Trying to get a better grasp of the fundamentals -- can an optimizer be called on a tensor that's not part of an nn.Module?

Hi all –

I’m brand new to PyTorch, so please forgive my naivete. I’m trying to build my own version of the SnapChat gender-swapping filter. The approach I’ve settled on, in pseudo-code, is as follows:

#I already have two working models ready to be loaded as follows, both set to .eval() after loading.
gender_classifier = load(pretrained_gender_classifier_model)
face_embedder = load(pretrained_VGGFace2_model)

#The user submits a photo to be processed, and the "ground truth" of that photo is determined.
ground_truth_gender = gender_classifier(user_submitted_image)
ground_truth_embedding = face_embedder(user_submitted_image)

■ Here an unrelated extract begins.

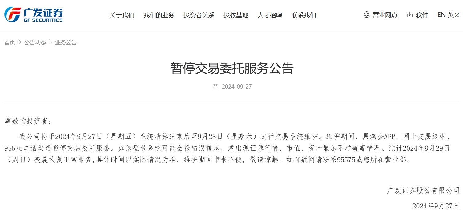 广发证券也发布公告,将于9月27日系统清算结束后至9月28日进行交易系统维护,预计9月29日(周日)凌晨恢复正常服务,具体时间以实际情况为准。
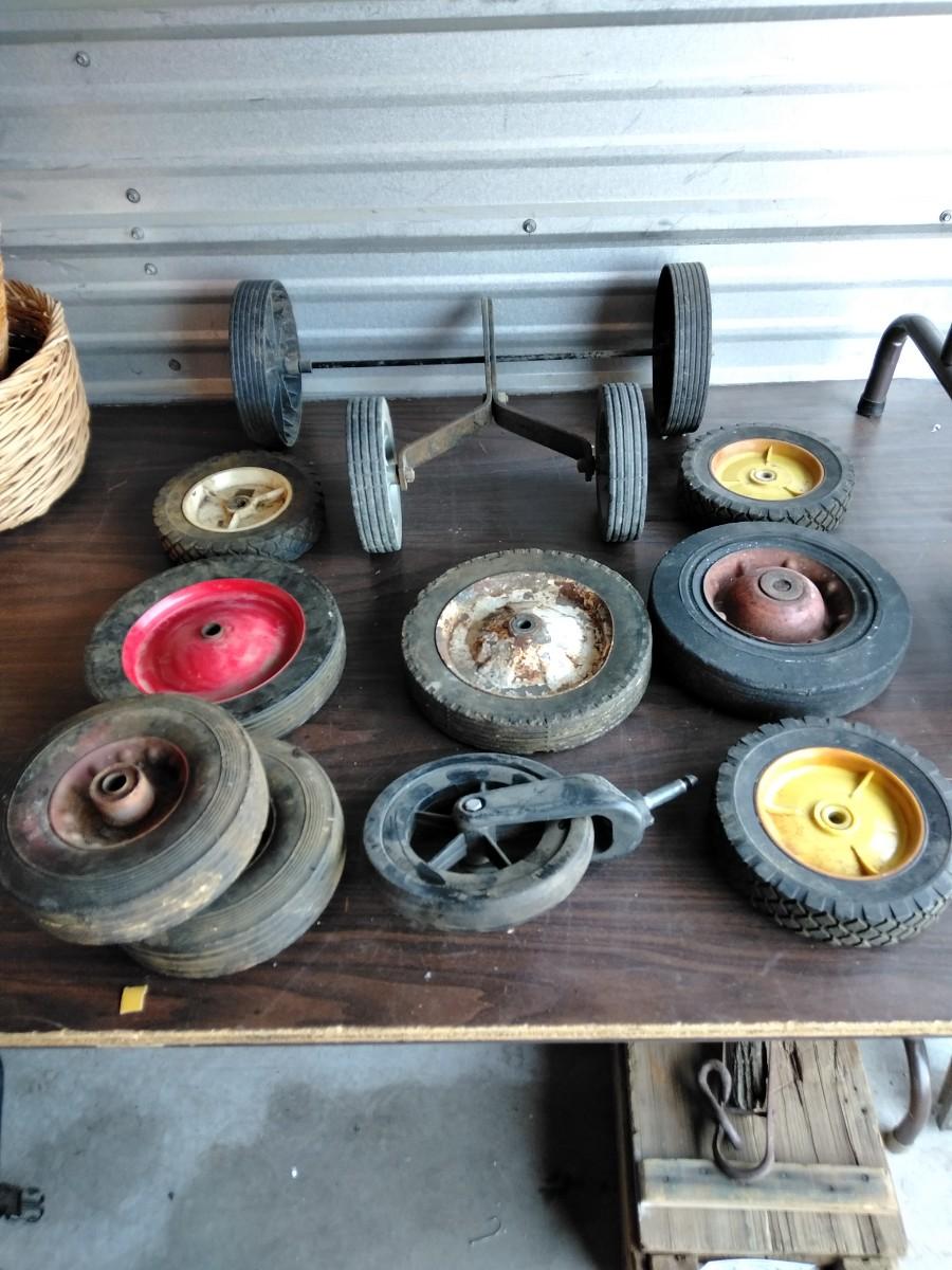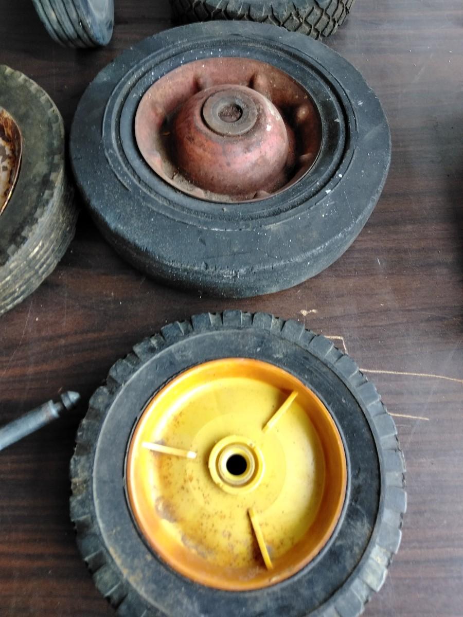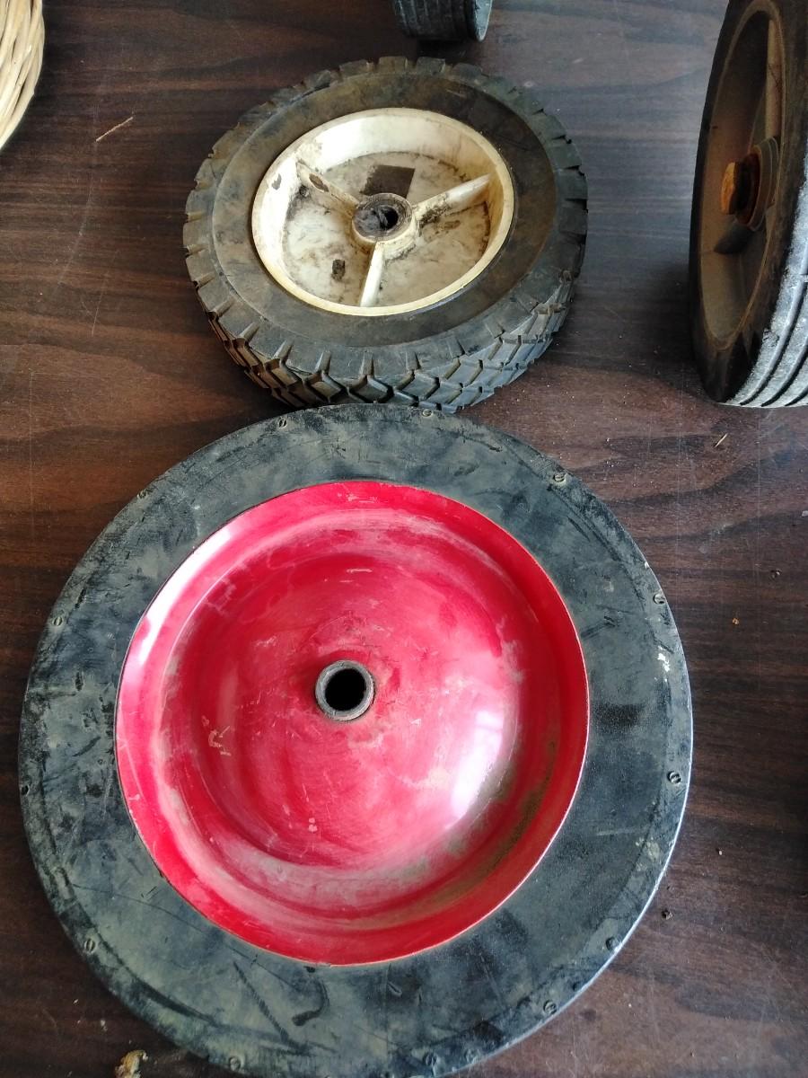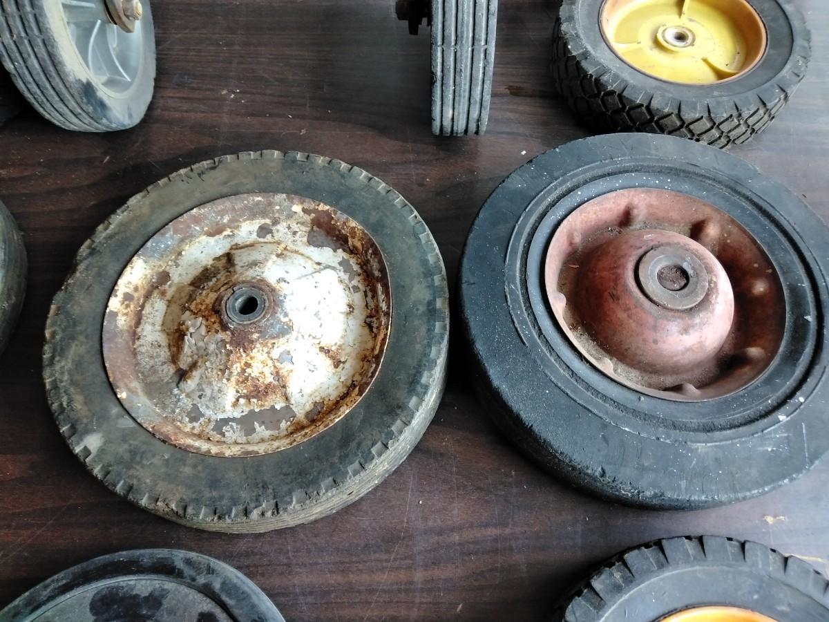 ASSORTMENT OF SMALL TIRES FOR WHEEL BARROW, DOLLLIES, AND MORE

#Initialize a random image to refine into the final product
candidate = tensor(white_noise_image, requires_grad = True)

optimizer = torch.optim.Adam([candidate], lr = lr)

#Training Loop
for i in num_iterations:

    #Determine the embedding and gender of the candidate
    candidate_gender = gender_classifier(candidate)
    candidate_embedding = face_embedder(candidate)

    #Determine how bad these values are compared to what I *want*, which is
    #a similar embedding, but opposite gender.
    gender_loss = binary_cross_entropy(candidate_gender, !ground_truth_gender)
    embedding_loss = mse_loss(candidate_embedding, ground_truth_embedding)
    loss = gender_loss * hyperparameter_weight + embedding_loss


I realize this is not a great implementation of what is effectively a form of neural style transfer, and I’ve tried reading through the official PyTorch tutorial on NST, but found that the approach used there is vastly different from what I’m attempting here.

My implementation throws no errors, but simply outputs the original white-noise candidate image unaltered, no matter how many iterations I run the optimizer. I’ve accepted that, whatever I’m doing, I must be doing it wrong, but I’m at a loss as to what I’m messing up.

If anyone could lend some insight into what makes the above schema not work, or what tenet of PyTorch architecture I’m violating, I would hugely appreciate it. I want to know what my mistake is so I can really understand why any alternate solution I find on the interwebz works better.

As it stands, I’m guessing it has something to do with not being able to use optimizers on tensors that aren’t parameters in a model? If that’s the case, should I try defining a third model that takes in the user image and returns the embedding and classification from its forward() method, with the candidate image initially defined in the init()?

I’ve spent a good number of hours on this without much progress, so thank you in advance to anyone who takes the time to respond.

Hi Kai!

In short, you need to call loss.backward() before calling

There is no need for a tensor to be part of a model in order to
optimize it.

You need:

  1. The tensor to have requires_grad = True, which you have.

  2. The tensor to be included as an optimizer parameter, which
    you have.

  3. To calculate the gradient of the loss function with respect to
    the tensor. This is done by the autograd system when you call
    loss.backward(), which you’re not doing.

  4. To use the gradient to perform the optimization by calling
    optimizer.step() (which you are doing, but the gradient
    isn’t there).


K. Frank

Thank you for your reply! I appreciate it. It turns out I just forgot to include loss.backward() in the above post, but it is present in my actual code (which still does not update the parameter :confused:)

While at first this is frustrating, I think it may actually be helpful in the long run, because I’m able to narrow down the true source of the bug – it’s probably somewhere in the homebrew classifier that I’m importing. I’ll have to take a more indepth look at that code and see if I can’t track down what I’m doing wrong there.

Your response clarified a lot about the overall hierarchy/structure of PyTorch for me, so again, thank you. I’m excited to keep learning and experimenting with the framework, it seems so powerful and has so many possibilities.

One additional question – if I import a model I’ve pretrained using load_state_dict, and then use that model as a part of the calculation of the cost, the parameters of the model won’t be trained, because they aren’t being passed to the optimizer, right? If I understand correctly, an optimizer can only modify the parameters directly passed to it?


I was able to track down my bug! It turns out that I tried to set the input tensor’s requires_grad = True, but managed to do it in a way that didn’t actually set requires_grad =True. Essentially, I created a tensor with requires_grad = True, then passed that through a nn.transform module, and only then assigned it my candidate variable. It looked something like this:

candidate = transform.ToPILImage()(torch.rand(C, W, H, requires_grad = True))

Which to me as a beginner seemed fine, but resulted in candidate not actually having requires_grad be True.

Just thought I’d post this in case some other poor soul falls into the same trap I did and manages to serendipitously happen across this exact forum post.